Set in Renaissance Italy, this richly imagined novel about a girl’s daring journey towards self-discovery transports readers into a fascinating, exotic world where love, faith, and art inspire passion–of many different hues.
Describe your book in five words or less.
A vivid, passionate artistic journey.
What has your road to publications been like?
I wrote my first novel when I was 17, during a gap year between high school and college. I submitted it myself for a couple of years (with what I realize now was a truly awful query letter), and got some requests to read but no offers.
Then the manuscript landed on the desk of an editor who was about to transition into literary agenting. She offered me representation. It took another four years, but my agent-by-accident did finally sell the book. I worked with a wonderful editor to completely revise it, and it was published in 1982 as The Lady of Rhuddesmere.
I wrote two more YA books with the same editor. The YA market was very different then from how it is today–much more limited in what you could write about and how you could write about it. Authors like Judy Blume managed to break the mold—and became controversial as a result–but many publishers weren’t open to darker themes or edgy characters or unhappy endings. So I decided to switch to the adult market, where I felt I could be freer. I stayed there for my next four books.
In the meantime, Harry Potter happened, completely transforming the YA world. These days it seems there’s almost nothing that’s off-limits in YA. More than that, it has become an incredibly vibrant, exciting field that’s generating some of the most amazing writing coming out of any genre. I’m thrilled to be returning to it with Passion Blue.
How did the idea for Passion Blue come to you?
It actually came from an editor who read one of my earlier books. She liked the historical setting, and asked if I’d be interested in writing a historical novel about astrology—something she said she’d always wanted to read.
I loved the suggestion. After some research I came up with an idea for parallel storylines, one set in 15th century Italy and one in the present day, about two girls searching for their heart’s desire and linked by an enchanted astrological talisman. There was danger, betrayal, magic, and forbidden romance. I thought I had a winner.
But when my agent started shopping the manuscript, the editors who read it all loved the Renaissance storyline but didn’t care for the contemporary one. That was a very tough reality check. After much debate, I decided to abandon the contemporary storyline and make Passion Blue a single-viewpoint story featuring my Renaissance heroine, Giulia. It was extremely challenging to re-vision the book—not as simple as just cutting out one half of the story, because I’d designed the two storylines to mesh. But it was the right decision. The new book found a wonderful home, and I now have a novel I’m really proud of.

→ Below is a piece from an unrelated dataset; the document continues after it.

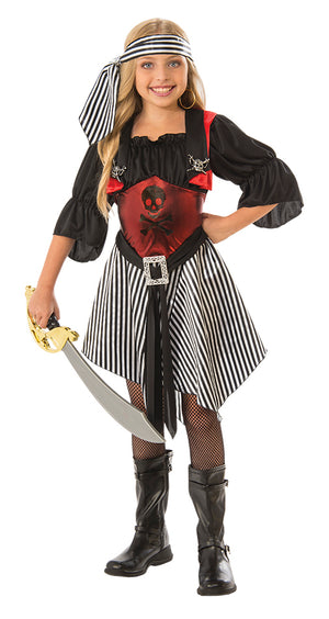Disfraz de Pirata escarlata infantil compuesto de Vestido, cinturón y pañuelo para la cabeza. Invita a tus amigos a crear un grupo de piratas en busca de tesoros escondidos. Sal a mar abierto para explorar nuevas tierras donde las riquezas se esconden y tu serás el primero en encontrarlas. Ideal para cumpleaños, halloween y fiestas de disfraces.
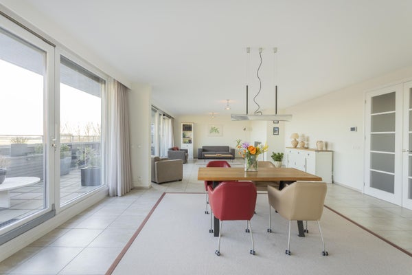Dit royale en goed onderhouden luxe 4-kamerappartement heeft circa 160 m² woonoppervlak en een prachtig vrij uitzicht. Het appartement, gelegen op de 3e en bovenste etage van het moderne appartementencomplex "Concerto" uit 2009, beschikt over een royaal dakterras van ongeveer 42 m² en twee eigen parkeerplaatsen.

With Passion Blue being set in Renaissance Italy, what was the research process like in writing Passion Blue?
Giulia is a talented artist, and a good chunk of the book takes place in an artist’s workshop. The painting techniques of the Renaissance were very different from those today, and I had the fantastic luck of finding a local artist who paints in the classical style. He let me spend an afternoon in his studio, watching him prepare painting surfaces, mix paint, and work with both oil and egg tempera. It gave me a hands-on feel for how Giulia and her fellow painters would have worked, and what they would have seen, smelled, and touched.
Other than that—a lot of library research. I live near the campus of the University of Massachusetts, which has an excellent research library where I found books on astrology, art, painting, Renaissance magic, and Italian convents. The Internet was a major resource also. It’s amazing what you can find online. If you want a video demonstration of how to use an astrologer’s astrolabe, just go to YouTube. If you want to know about Renaissance underwear, check out the many costumers’ websites.

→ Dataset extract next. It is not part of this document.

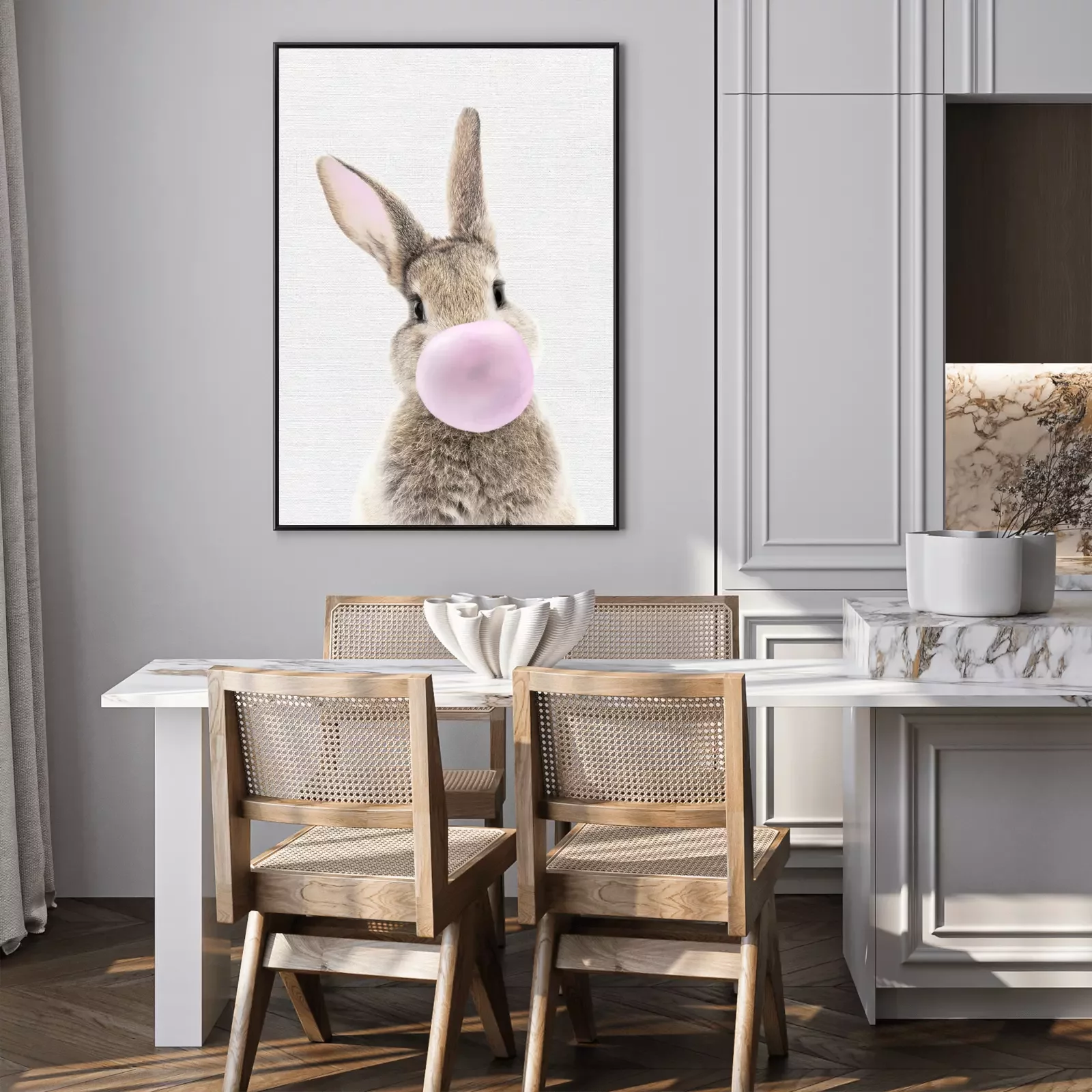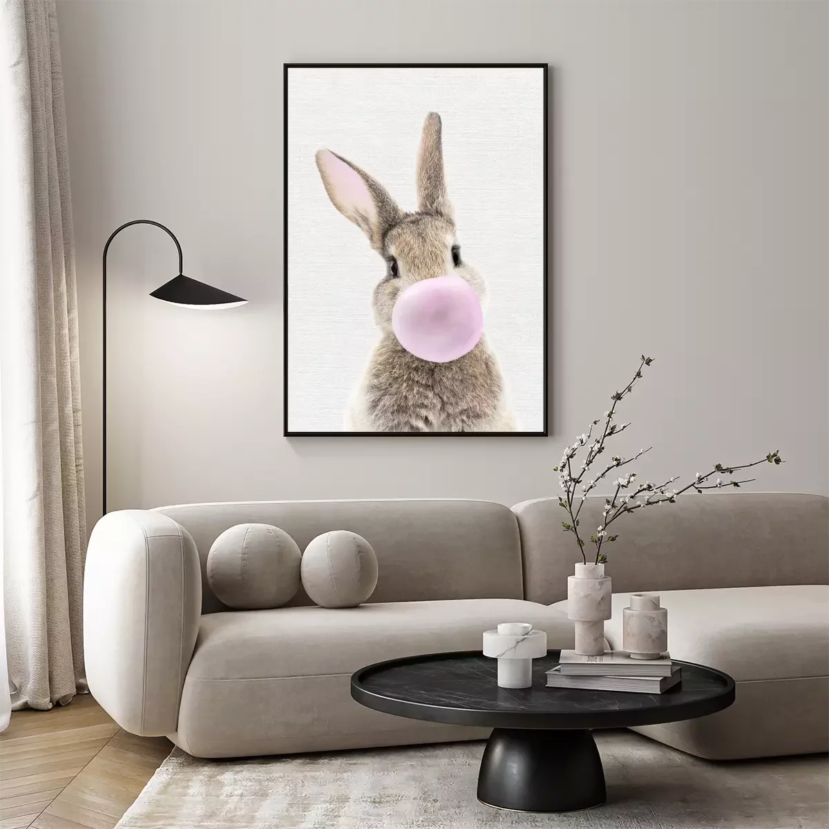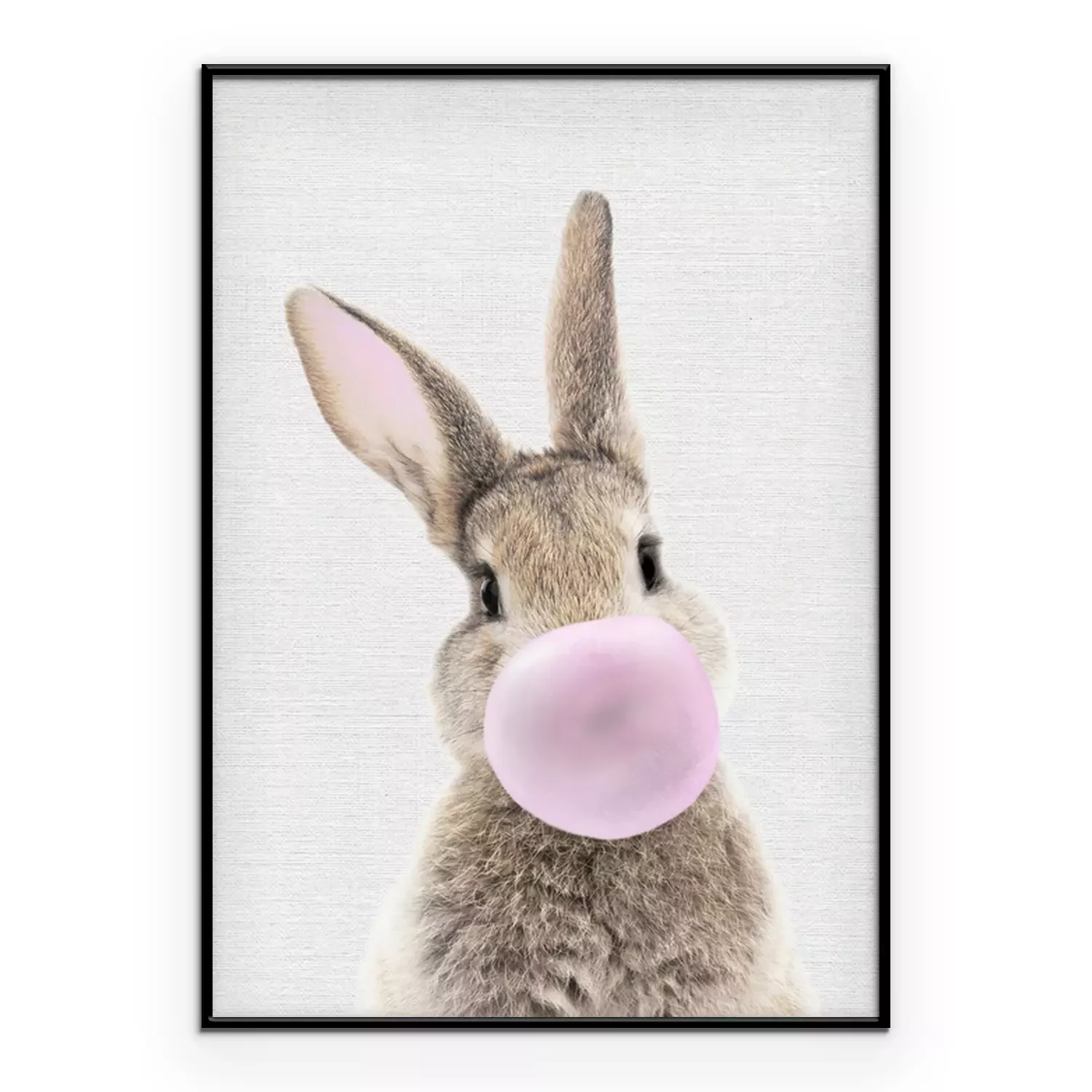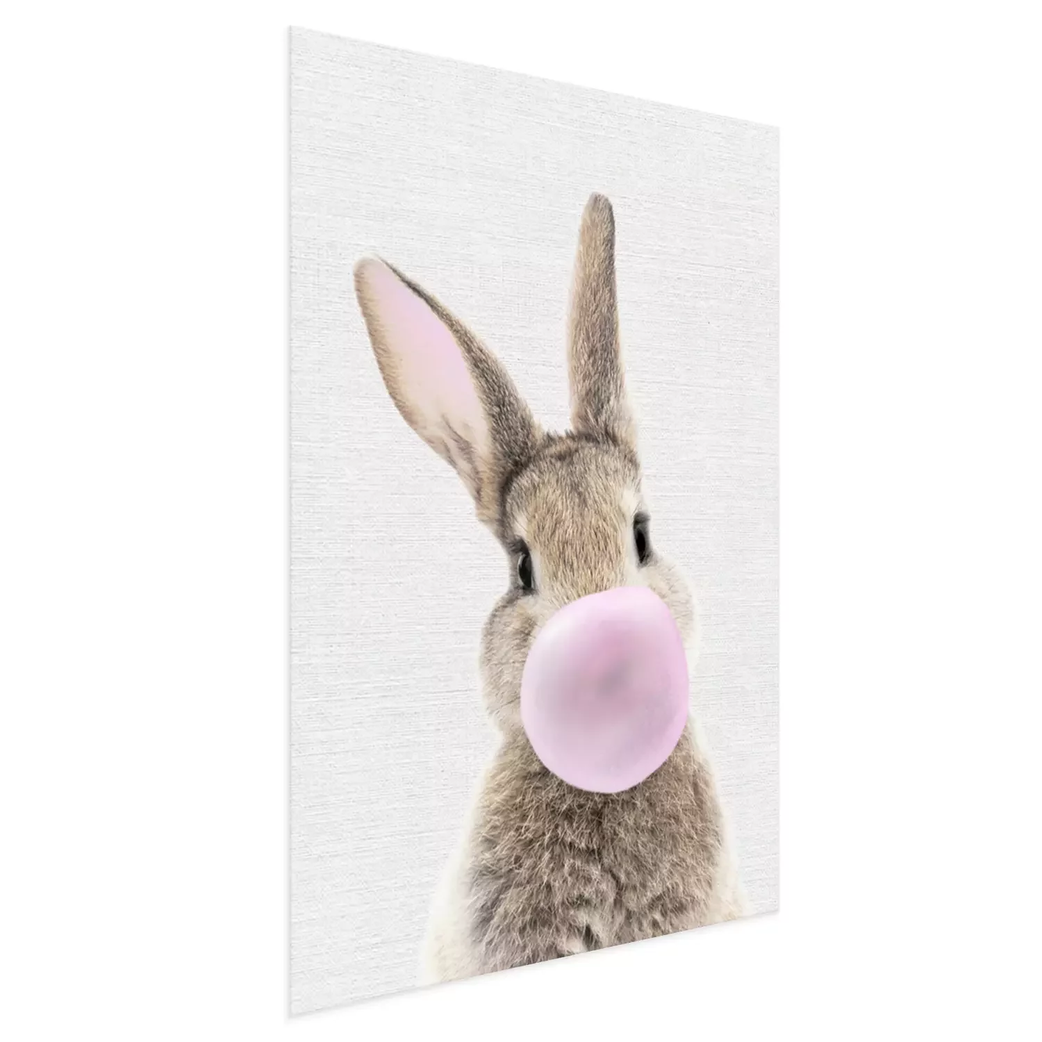 Poster  Bunny Rabbit on white textured Background with pink Balloon

The one thing I wasn’t able to do was travel–the budget didn’t allow. But I visited Italy when I was a teenager, and have some vivid memories to draw on.
Passion Blue puts an emphasis on female artists, did the inspiration for this topic come from a personal love of artwork or somewhere else?

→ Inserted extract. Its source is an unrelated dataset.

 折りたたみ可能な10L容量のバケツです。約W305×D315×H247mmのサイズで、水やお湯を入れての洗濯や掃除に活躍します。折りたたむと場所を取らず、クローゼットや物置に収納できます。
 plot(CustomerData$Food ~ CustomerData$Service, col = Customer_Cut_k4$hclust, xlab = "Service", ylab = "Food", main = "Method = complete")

Absolutely from my personal love of art! I’ve always adored paintings (despite having not a shred of artistic talent myself)–especially the paintings of the Italian Quattrocento. One of the best things about visiting Italy in my teens was going to museums. Seeing the Botticellis in the Uffizi in Florence was life-changing (no exaggeration).
99.999% of the Renaissance artists you see in museums are male. 14th and 15th Italy was an incredibly restrictive place for women, who had limited rights and few options other than becoming wives or nuns. I didn’t realize until I took art history courses in college that that there actually were female Renaissance painters—not many, but a few, who against all odds managed to establish and maintain painting careers.
I became fascinated by these women, who were dismissed by their contemporaries as dabblers or freaks of nature, and whose art was nearly forgotten in the centuries after their deaths (modern scholars, thankfully, are re-discovering them). Passion Blue allowed me to show readers a little of their hidden world. Giulia’s teacher, Maestra Humilità Moretti, is based on a real painter nun named Plautilla Nelli, who was famous during her lifetime but whose paintings have mostly been lost.
What's next for you? Are you currently working on or have plans for future projects? Can we get any hints?
I’m working on a sequel to Passion Blue (no title yet—I’m superstitious about titles and don’t decide on one until well on in the writing process), which will take Giulia to the exotic and sometimes deadly city of Venice. After that, I have an idea for a YA gothic about a girl whose father, a professional poisoner, keeps her shut up in his palace, where she tends his garden of deadly plants. Until, one day, a fugitive thief climbs in over the walls…
Learn more about Victoria and Passion Blue:
Victoria Strauss is the author of eight novels for adults and young adults, including the Stone fantasy duology (The Arm of the Stone and The Garden of the Stone) and Passion Blue, a YA historical. In addition, she has written a handful of short stories, hundreds of book reviews, and a number of articles on writing and publishing that have appeared in Writer’s Digest, among others. She’s co-founder, with Ann Crispin, of Writer Beware, a publishing industry watchdog group that provides information and warnings about the many scams and schemes that threaten writers. She lives in Amherst, Massachusetts.